8. The method according to claim 6, characterized in that, The step of obtaining the target corrosion effect feature model based on the correlation coefficient between each corrosion effect feature parameter and each independent variable parameter, as well as the independent variable parameters corresponding to multiple data acquisition time points, the target corrosion effect feature parameters, and the preset model, includes: Based on the independent variable parameters, the target corrosion effect characteristic parameters, and the preset model corresponding to the multiple data acquisition time points, an initial corrosion effect characteristic model corresponding to each corrosion effect characteristic parameter is obtained; Based on the correlation coefficient between each corrosion effect characteristic parameter and each independent variable parameter, the initial corrosion effect characteristic model corresponding to each corrosion effect characteristic parameter is modified to obtain the target corrosion effect characteristic model corresponding to each corrosion effect characteristic parameter.

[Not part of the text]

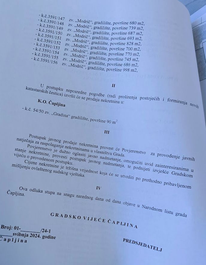 Odluka, objavljena u Narodnom listu Grada Čapljine, obuhvatila je 25 građevinskih parcela, među njima i onu označenu kao k.č. 3591/147, zv. „Modrič“, površine 680 m².

9. A device for modeling the corrosion effect of protective coatings, characterized in that, The device includes: The first acquisition module is used to acquire independent variable parameters, first environmental effect characteristic parameters and second environmental effect characteristic parameters corresponding to multiple data collection time points. The first environmental effect characteristic parameters are the environmental effect characteristic parameters of the protective coating under the first test condition, and the second environmental effect characteristic parameters are the environmental effect characteristic parameters of the protective coating under the second test condition. The microbial information of the first test condition and the second test condition are different. The independent variable parameters include test duration and environmental characteristic parameters. The second acquisition module is used to determine the target corrosion effect characteristic parameters based on the first environmental effect characteristic parameters and the second environmental effect characteristic parameters. The modeling module is used to obtain a target corrosion effect feature model based on the independent variable parameters corresponding to multiple data acquisition time points, the target corrosion effect feature parameters, and a preset model.
10. A computer device comprising a memory and a processor, wherein the memory stores a computer program, characterized in that, When the processor executes the computer program, it implements the steps of the method according to any one of claims 1-8.